Known as the “Cocaine Godmother,” Blanco was an infamous cartel leader who streamlined the U.S. cocaine market in the ’70s and ’80s. Also called the “Black Widow,” it’s believed Blanco ordered over 200 murders during her reign. She “reportedly was worth more than $2 billion, and was a key figurehead in Miami’s bloody Cocaine Cowboy Wars,” Deadline details.

Regina Corrado and Terry Winter penned the script for “The Godmother,” and William Monahan is in talks to do rewrites. Lopez is among the project’s producers.

“Hustlers,” which grossed over $104 million domestically, is based on a true story and revisits how coworkers at a strip club banded together to steal tens of thousands of dollars from their Wall Street clients. Lopez will play a pop star who discovers her rocker fiancé cheated — right before she’s about to marry him onstage at Madison Square Garden — in “Marry Me.” She reacts by pulling a rando (Owen Wilson) out of the audience to wed instead.

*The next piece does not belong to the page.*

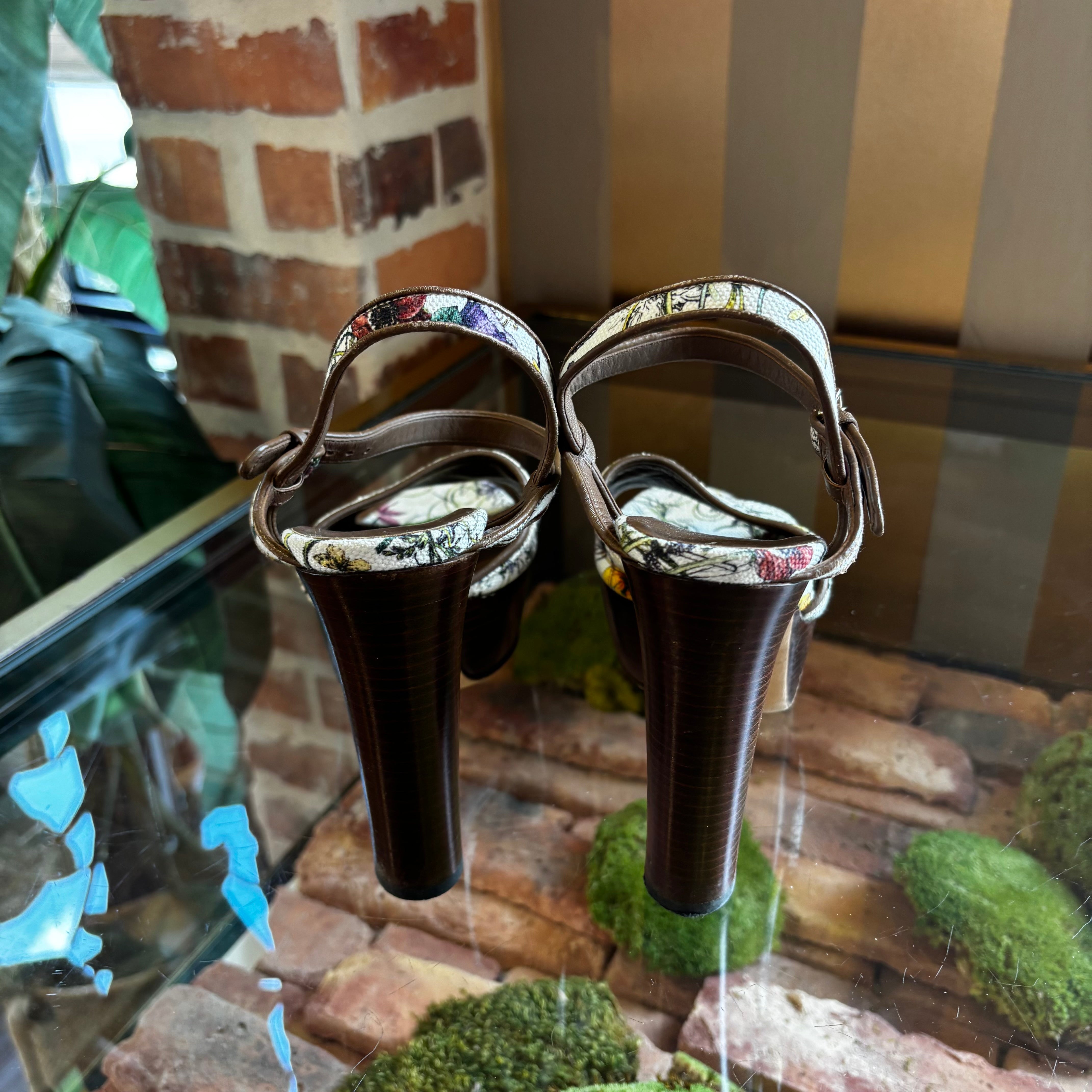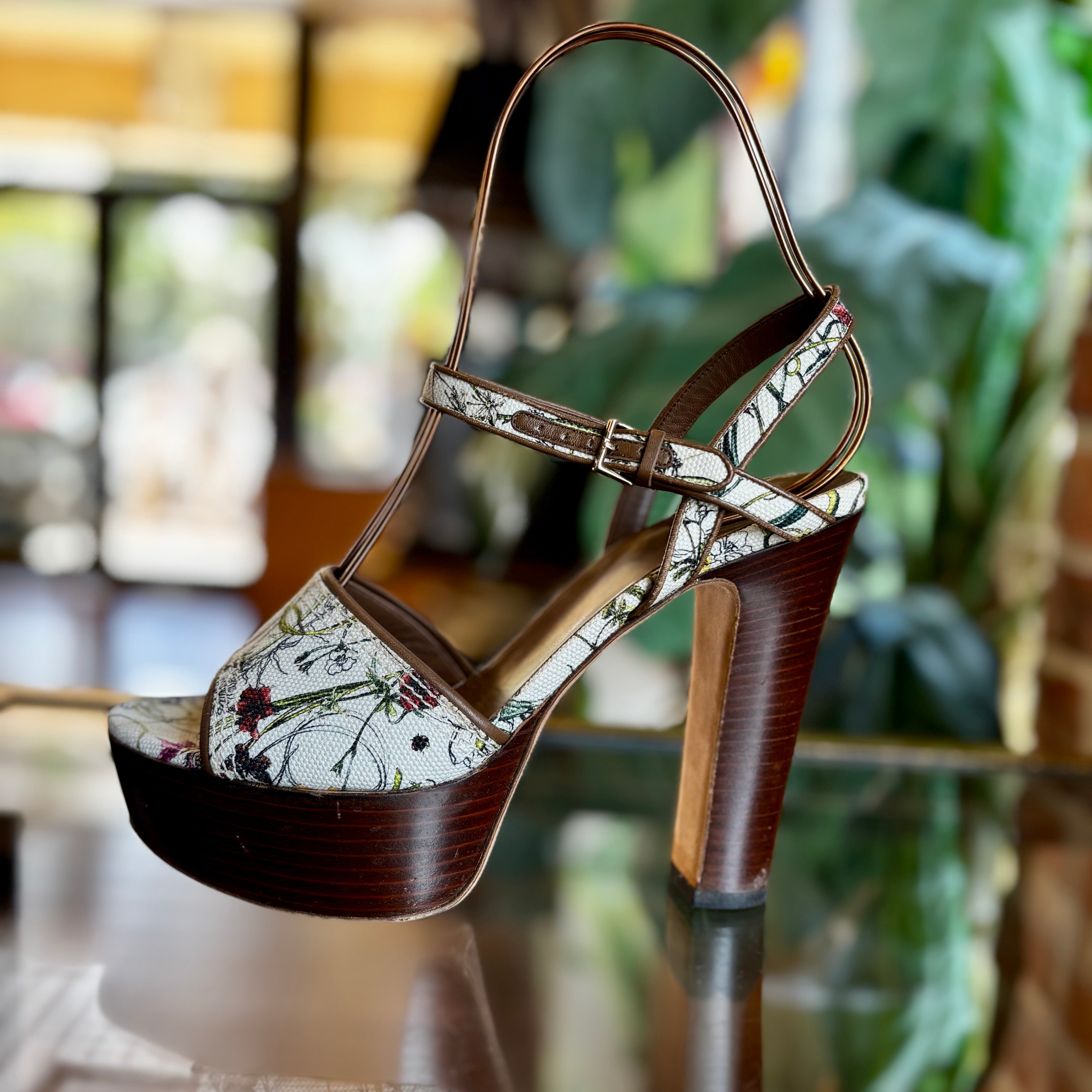 - Design: Open-toe platform heels featuring Gucci’s iconic Flora print

Morano, who most recently helmed Blake Lively-starrer “The Rhythm Section,” took home an Emmy for her directing on “The Handmaid’s Tale.” Her packed slate includes “Sabaya,” a fact-based CIA thriller starring Zoe Saldana, and three Amazon series: “Pretty Things,” “The Power,” and “Stolen Kids of Sarah Lawrence.” “Pretty Things” is a thriller that tells the story of a grifter who befriends a wealthy influencer. An adaptation of Naomi Alderman’s novel of the same name, “The Power” is about a world where girls and women develop the power to harness electricity and shock people at will. “Stolen Kids of Sarah Lawrence” is based on the New York Magazine story detailing an abusive sex cult that rocked Sarah Lawrence College.